Fortunately, she was busy with her training right now, so Tibs headed for another booth as he ate the fried potato and meat.
He had a tankard of a sweet ale, then a pastry that was so sweet it hurt his teeth. He still ate it, but decided he wasn't having that again. He had roasted meats sliced so thin light shone through when he raised it against the sun, meat in cubes wrapped in sour leaves, fruits dried in salt, or sugar, or marinated in wine, and even some in vinegar, those were surprisingly tasty.
"Slow down," Jackal said. "You're going to spend all your coins this way if you don't make yourself sick first."
Tibs shrugged, placing coppers on a counter in exchange for fried balls of sweet dough. There were enough people around no one would miss a copper here and there. Or if they did, they'd think they'd spent it without noticing.
The merchants in the bazaar were good at extracting more coins than those buying from them intended.
"What do you think is Darkness's echo?" he asked the fighter, offering him one of the balls.
He looked around as if Kroseph might catch him enjoying someone else's food and bit into it. "Clerics, I'd guess."
Tibs shook his head.
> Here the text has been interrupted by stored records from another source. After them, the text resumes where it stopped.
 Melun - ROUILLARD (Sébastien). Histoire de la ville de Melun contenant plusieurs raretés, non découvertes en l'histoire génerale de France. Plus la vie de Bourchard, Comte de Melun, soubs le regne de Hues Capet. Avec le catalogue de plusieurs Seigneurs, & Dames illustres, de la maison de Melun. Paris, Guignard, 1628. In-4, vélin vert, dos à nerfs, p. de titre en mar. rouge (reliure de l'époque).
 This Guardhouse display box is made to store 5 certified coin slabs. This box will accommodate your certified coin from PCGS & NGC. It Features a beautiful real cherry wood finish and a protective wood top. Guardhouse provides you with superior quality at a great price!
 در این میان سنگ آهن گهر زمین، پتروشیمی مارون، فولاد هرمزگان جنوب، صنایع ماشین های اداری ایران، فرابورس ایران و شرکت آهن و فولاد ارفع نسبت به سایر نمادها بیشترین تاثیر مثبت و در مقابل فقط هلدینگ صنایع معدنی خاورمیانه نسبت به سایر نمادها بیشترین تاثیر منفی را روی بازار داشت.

He'd considered that. "But it's just Khumdar."
"There have to be others. The world's too big for Purity to be able to hold sway over all of it. Even the Guild doesn't control it entirely, and there's a lot more of them than there are Purity's clerics."
But Darkness had implied Tibs could locate them, and that there was more than one. "Okay, but if it isn't clerics, what could it be?"
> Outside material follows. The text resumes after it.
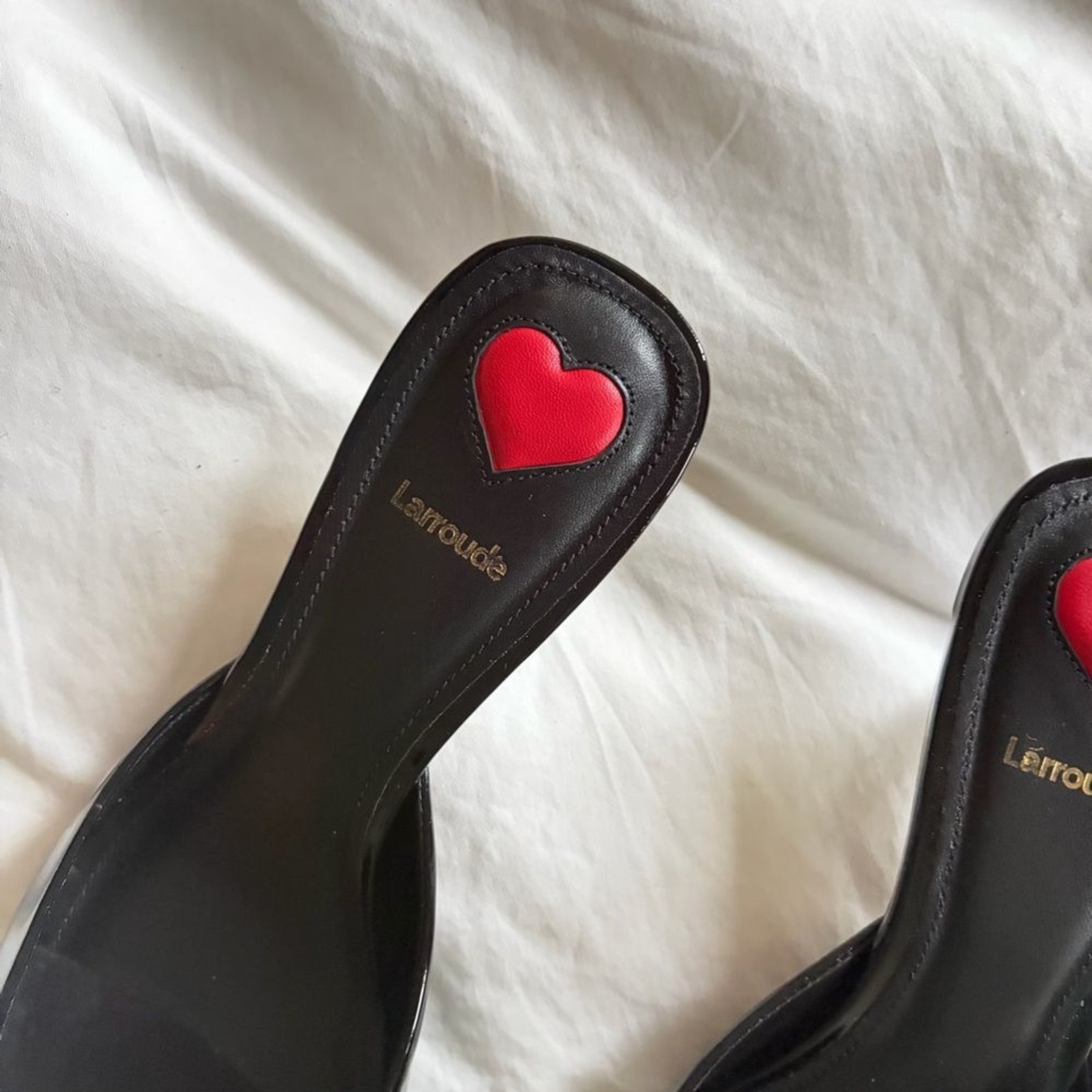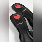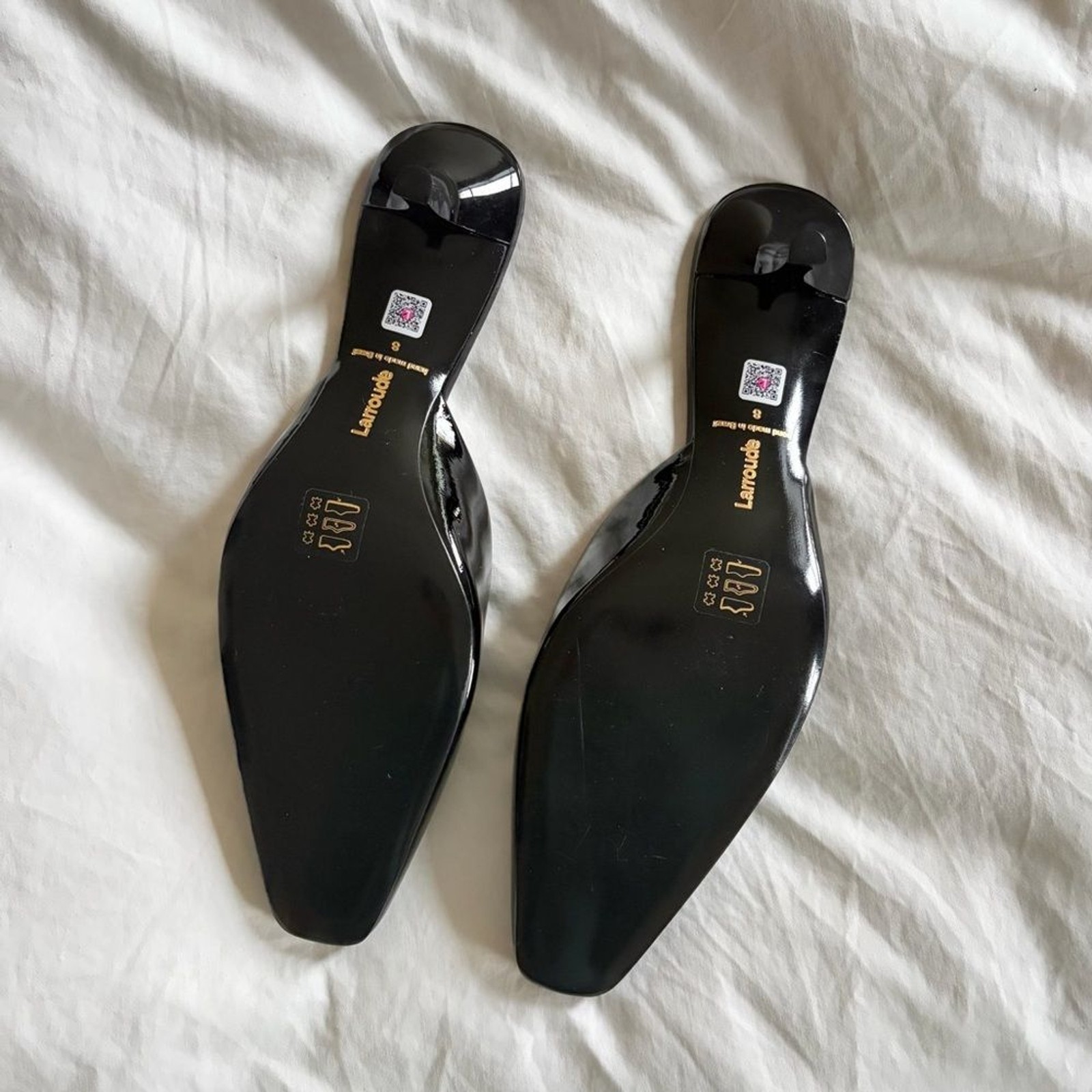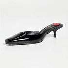 Beautiful Larroude Black Patent 'Amal' Mules. Slip-on. Square toe with kitten heel. Named after the chicest Amal Clooney, versatile for work or parties. New, never worn. Size 8.

Jackal shrugged. Popping the rest of the ball in his mouth. "Anything dark, I guess." He chewed and swallowed. "These are just okay. I'm sure Kro could make better ones if he tried."
"I'd eat all of them," Tibs agreed. He'd eat everything he could find from now on. He was not going hungry ever again unless he had no other choice. "And it can't just be something dark." He stepped around a noble. "His robe's dark, but that doesn't make it an echo." He ran to a booth selling candies and place his new coin on it, it was silver. "Do you have Sea Drops?" he asked.
"Never heard of them," the thin merchant answered.
"They're sweet and salty, hard, but when they melt in your mouth, it's like the foam on the shore looks like."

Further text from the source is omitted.